Tuesday, January 24, 2012

The Suicide Hotline Is Busy, Please Call Back

The two most depressed men in the world right now are Kyle Williams and Billie Cundiff. Each should be on a suicide watch, and each should be kept away from their teammates for a minimum of six months.
I am a humanist. I FEEL for people.
Professional athletes are pampered and this disgusts me. Make a trade, the guy has a horrible year and the coach says "He needs time to adjust to the new environment." This is an athlete who will get paid more in one year than I will ever earn in my tiny, almost invisible, lifetime. And his organization makes excuses for him.

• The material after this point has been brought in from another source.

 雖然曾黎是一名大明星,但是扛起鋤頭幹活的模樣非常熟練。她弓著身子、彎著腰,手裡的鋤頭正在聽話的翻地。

I earn 13 cents an hour and I am expected to perform. No excuses, no time to adjust, no empathy, no sensitivity. I screw up a little, I get my balls busted. I screw up a lot, I am gone.
Logic dictates to me that the more money you earn, the more should be expected from you. But then again, the only "more" expected of corporate executives is more corporate lunches, more expensive cars, more cold heartedness directed towards their "subordinates." But I digress.

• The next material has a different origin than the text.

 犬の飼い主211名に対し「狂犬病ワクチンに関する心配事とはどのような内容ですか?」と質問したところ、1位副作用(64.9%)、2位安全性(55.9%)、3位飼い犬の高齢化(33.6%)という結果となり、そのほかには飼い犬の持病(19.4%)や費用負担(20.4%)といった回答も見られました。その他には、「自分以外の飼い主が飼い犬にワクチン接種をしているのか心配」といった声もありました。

When athletes fail on a huge scale on the big stage, they are reviled. Fans are merciless, evil, vicious and ignorant.
This is where I draw the line. They are human. I feel bad for Bill Buckner. Need I say more? They have nerves, they feel pressure even though they will lie and say they don't (except Adam Vinitieri, whose blood flow is restricted by ice cubes).
Kyle Williams fumbled twice and cost the 49'ers a trip to the Super Bowl. I am convinced if he handled the punt in OT, the 9'ers would have won.
Billie Cundiff missed a 32 yard field goal that would have sent the PATS/ravens game into OT. He cost the ravens the chance at a trip to the Super Bowl.
These are huge mistakes. Football is a brutal, vicious sport. You get beat hard every week, week after week, for a chance to make it to The Big Game. If you make the playoffs you do not want to beat yourself. You are in too much pain, you have worked too hard, your emotions are stretched too thin. If you lose in the playoffs you want to get beat giving your best effort.
Fans and sports analysts will rip these two apart. They will get cruel, they will make jokes. Cundiff and Williams will probably be 100% uncomfortable in their own home towns. They will probably feel that their safety and the safety of their families is threatened. This is so goddamn wrong.
Michael Strahan was asked "Athletes always say we live and die as a team, it is never one player's fault. How would you handle it if your kicker lost a playoff game?" He said "If he was still on my team next year, we would have a problem."  Case in point.
I have to be honest. I am glad Cundiff missed the field goal. The miss paved the road to the Super Bowl. But I do not want the man to suffer. I do not want his family to have to deal with viciousness, verbal or physical.
I am disappointed that Williams fumbled. Felt like the 9'ers deserved that win. But he does not deserve to be tortured for the mistake.
Tough call. We live small, angry, painful, disappointing lives. We pin our hopes and dreams on our teams. But you cannot castrate them when they fail.
How often do you fail? Pretty regularly, I'm guessing.
Try a little tenderness. It will catch your evil human nature by surprise, but it might just change you for the better.